You are hereby noticed for another days of PREVENTIVE SUSPENSION for 15 Regular working Days effective March 26 to April 13, 2016.

Hoping for your kind cooperation and presence every conference/investigation needed.52

Likewise, given the date when they were all similarly executed, July 19, 2016, none of these affidavits could possibly be the one categorically referred to in the notices of termination sent to the watchmen on April 12, 2016. These notices read in verbatim:

x x x x

Based on the incident happened last February 15, 2016 fall down of bearing fruits at Block 6A and 7A right after in effect of man power alignment movement of all company guard (watchmen) transfer to direct farm operation. A sworn affidavit of witness identified you as prime suspect planning for retaliation to MUSAHAMAT FARMS INC (HKJ2) for re aligning of assignment to Engineering.

Therefore, the offense you committed against the Company Policy for grieve malicious mischief, damaged to property and industrial sabotage, Management had decided to discontinue your employment as Irrigation Crew effective April 14, 2016.

x x x x53 (Emphasis supplied)

The notices of termination ostensibly speak of an affidavit of a certain unnamed witness that was then already sworn to and duly executed. This purported sworn affidavit and the observations of Anthony about the watchmen's demeanor about their new assignment were the only pieces of circumstantial evidence respondent had against the watchmen at the time that they were terminated.

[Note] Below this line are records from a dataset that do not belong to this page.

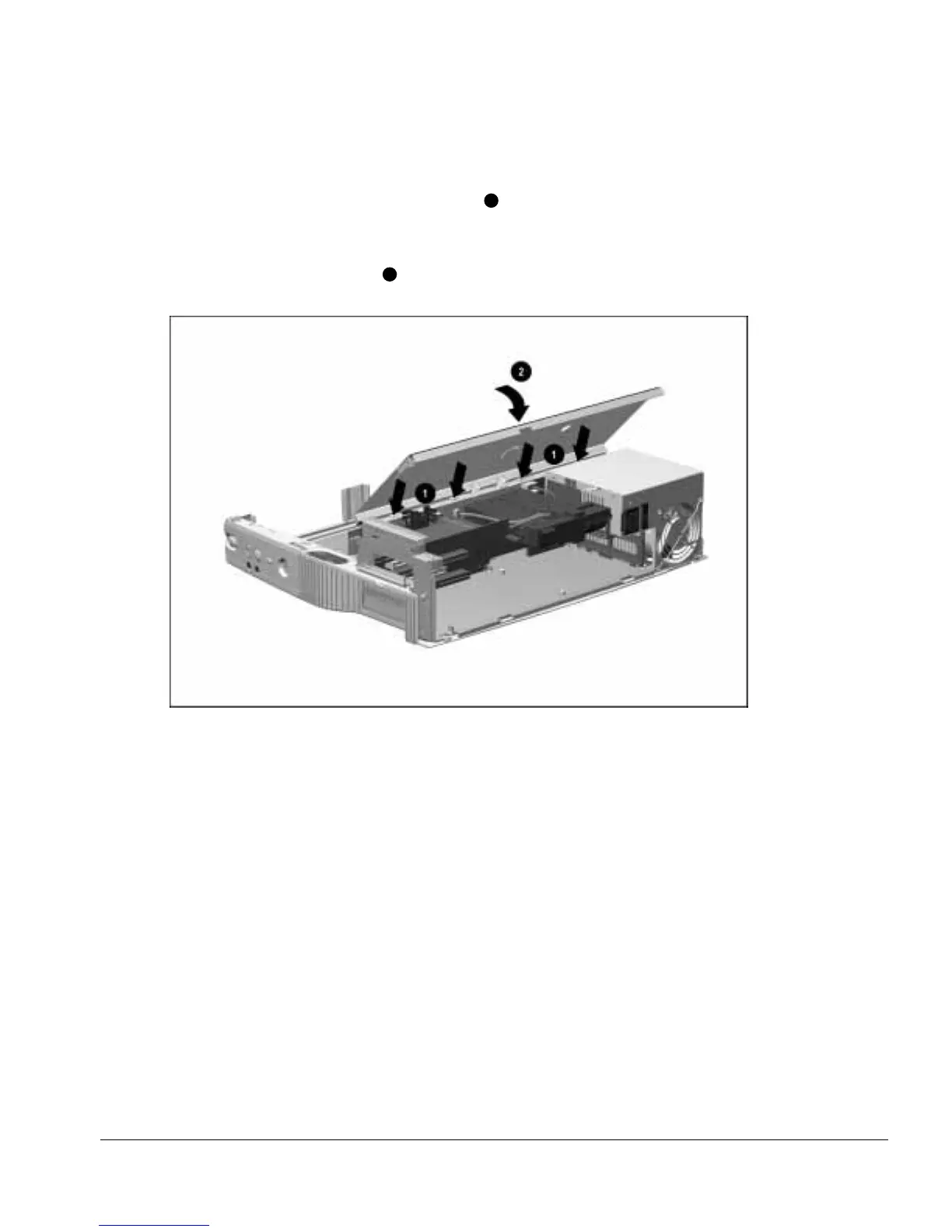 3. Install the two screws securing the top brace to the base assembly and power supply.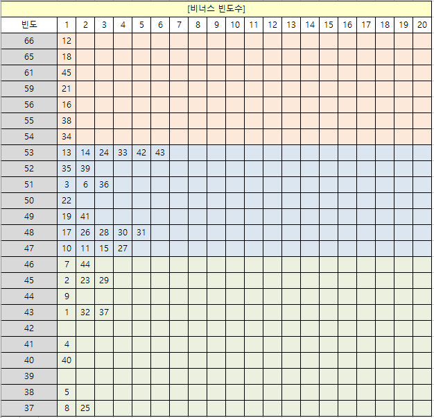 대박로또 당첨비법 :: 전체회차 및 비너스 빈도수(1099)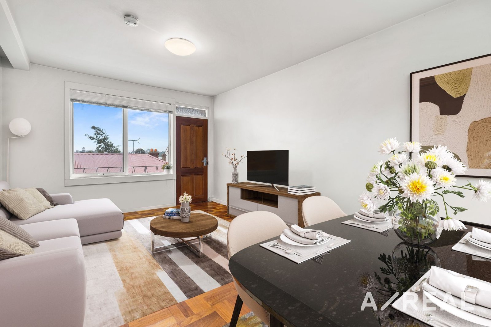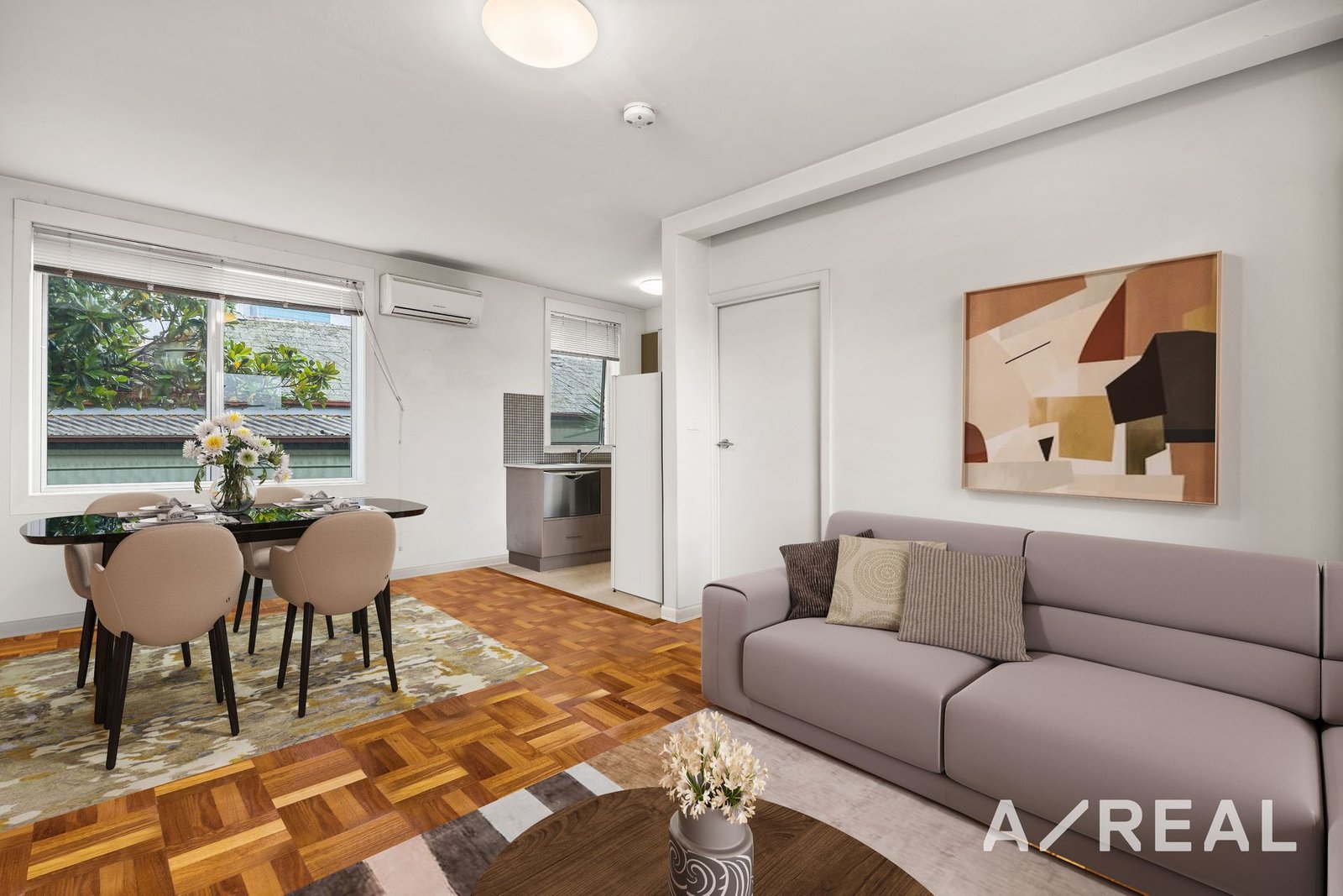 The fresh interior has polished parquetry floors and an open-plan layout. Air conditioning provides comfort all year round and the large windows allow light and air to flow through beautifully. The modern kitchen is well-appointed with lots of cabinetry, stone benchtops, gas cooking, with quality stainless-steel appliances, including a dishwasher. The tiled bathroom has a shower, toilet and a Euro laundry with a sink and laundry basin for added convenience.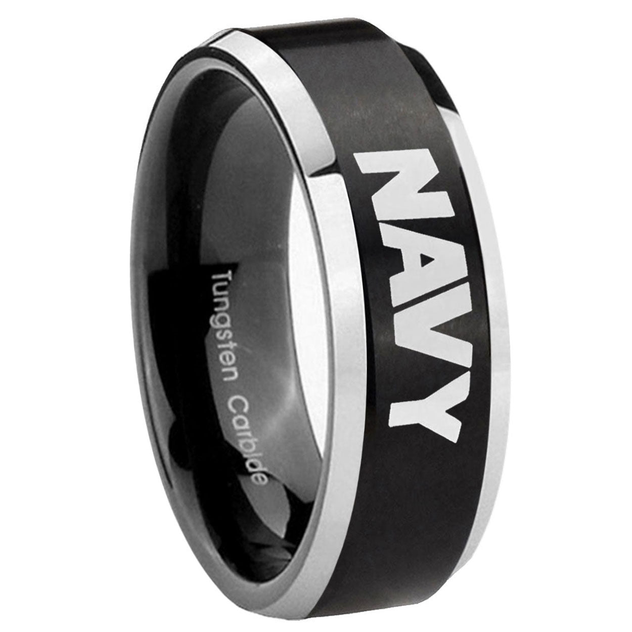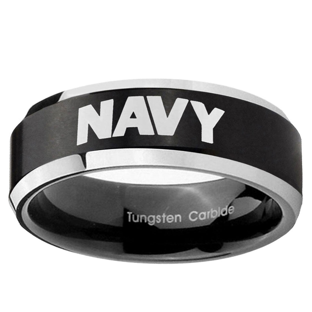 Intruding 5, 8mm Navy Beveled Edges Brush Black 2 Tone Tungsten Carbide Mens Wedding Ring . Offer in both 5mm and 8mm band width brushed black plated 2 tone finished from size 4 to 14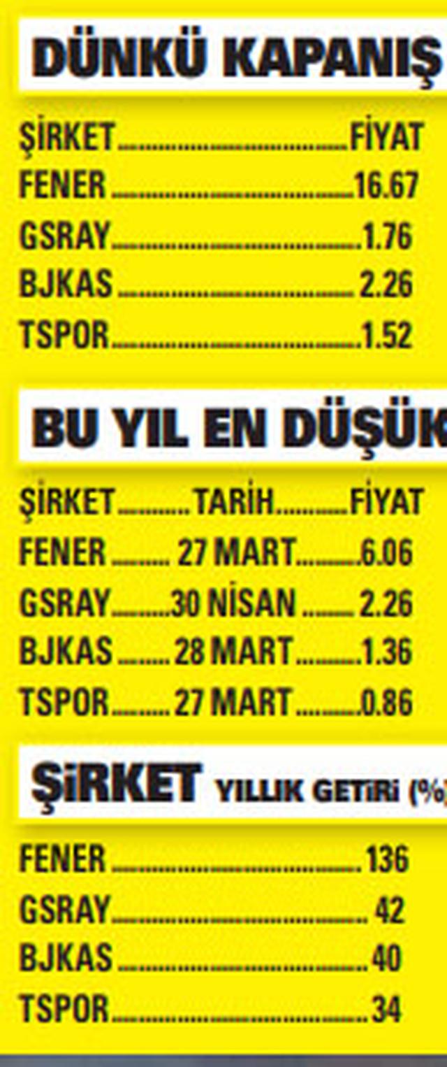 Borsada işlem gören bir başka spor kulübümüz Trabzonspor’un da piyasa değeri son dönemde hızlı bir yükseliş gerçekleştirdi. 27 Mart 2019’da 200 milyon düzeyine gerileyen Bordo-Mavili şirketin piyasa değeri dün 345 milyon düzeyindeydi. Bu performansıyla yıl başından beri yatırımcısına en çok kazandıran şirket yüzde 136’lık artışla Fenerbahçe olurken, onu yüzde 42’lik artışla Galatasaray takip etti. Beşiktaş, yüzde 40’lık artışla taraftarına en çok kazandıran üçüncü spor şirketi oldu. Trabzonspor yüzde 34’le yatırımcısına en az kazandıran spor şirketi.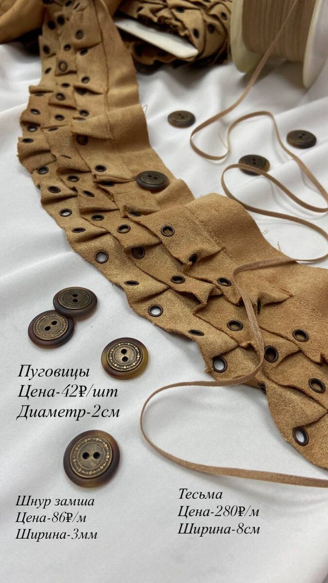 Тесьма с декоративными люверсами под замшу, пуговицы, кожаный и замшевый шнур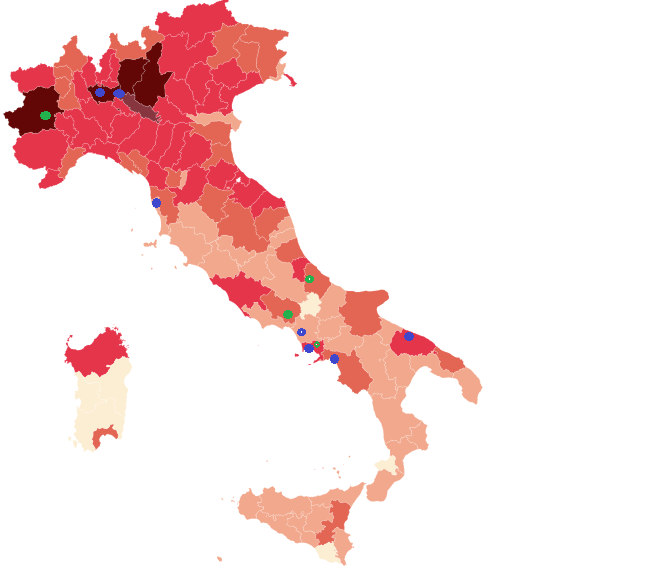 If you think the dots might correlate well with cases in southern Italy but not much with cases in northern Italy, you are right. But going back to those leisure visitors, 4 regions in northern Italy concentrate 72% of all reported deaths in Italy: Veneto, Lombardy, Emilia-Romagna, Trentino-Alto Adige/Südtirol. Those 4 regions also concentrate 42% of all overnight stays by tourists.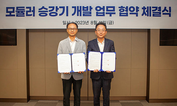 양사는 이날 서울 강동구 상일동 삼성 글로벌 엔지니어링센터에서 양해각서 체결식을 열고 연내 모듈러 공법 전용 엘리베이터 개발에 나서기로 했다.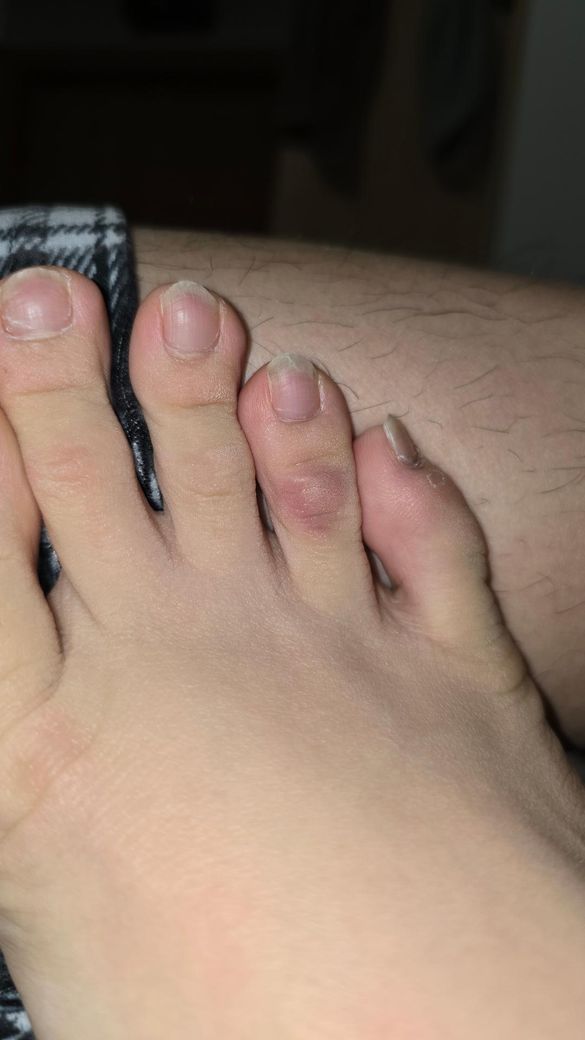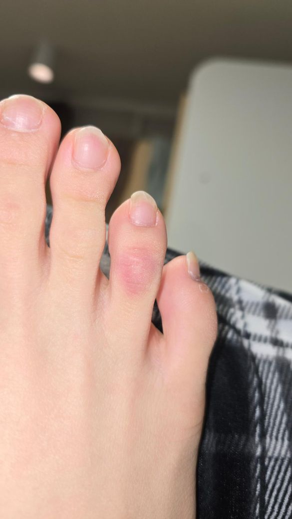 사진상으로는 네 번째 발가락에 국한된 홍반과 약간의 부종, 표면 자극 소견이 보이며, 말씀하신 것처럼 마찰(신발, 양말)에 의한 국소 피부 자극 또는 경미한 접촉성 피부염 가능성이 가장 높습니다. 특히 한 개 발가락에만 국한되고, 통증보다 가려움이 동반된 점은 감염보다는 자극성 병변 쪽에 더 부합합니다.
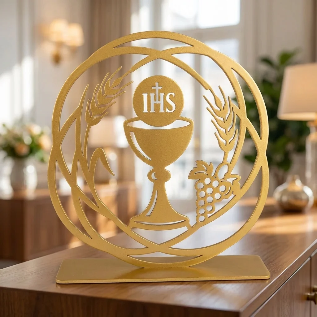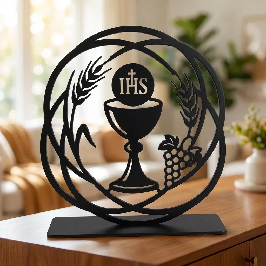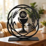 Kielich Eucharystyczny IHS to elegancka metalowa dekoracja wolnostojąca o wyraźnie sakralnym charakterze. Motyw kielicha z symbolem IHS nawiązuje do Eucharystii i sprawia, że ozdoba pięknie prezentuje się zarówno w domowym wnętrzu, jak i w przestrzeni modlitwy, kaplicy czy salce parafialnej. To subtelna, a jednocześnie wyrazista dekoracja religijna, która wnosi do aranżacji skupienie, symbolikę i ponadczasową formę.

More importantly, the credibility of the sworn affidavits is questionable.

Even assuming arguendo that Ranel and Florentino heard a plot to chop down the trees, there was no substantial evidence that it was the watchmen whom they overheard on the night of February 14, 2016. As sharply observed by the Voluntary Arbitrator, Ranel and Florentino do not personally know the watchmen and were unfamiliar with them.54 Indeed, the circumstances of their acquaintances with the watchmen were nowhere alleged or established. Respondent, in its Comment,55 merely made a bare and conclusory statement that "it is neither unlikely nor unquestionable that Ranel x x x knows the faces and names of the five dismissed employees."56 The CA, even as it overturned the findings of the Voluntary Arbitrator, failed to address the matter and simply accorded weight and credence to the testimonies of Ranel and Florentino. Obviously, the CA arrived at a different conclusion too, because unlike with the Voluntary Arbitrator, it found that the February 19, 2016 meeting or conference between the parties really happened.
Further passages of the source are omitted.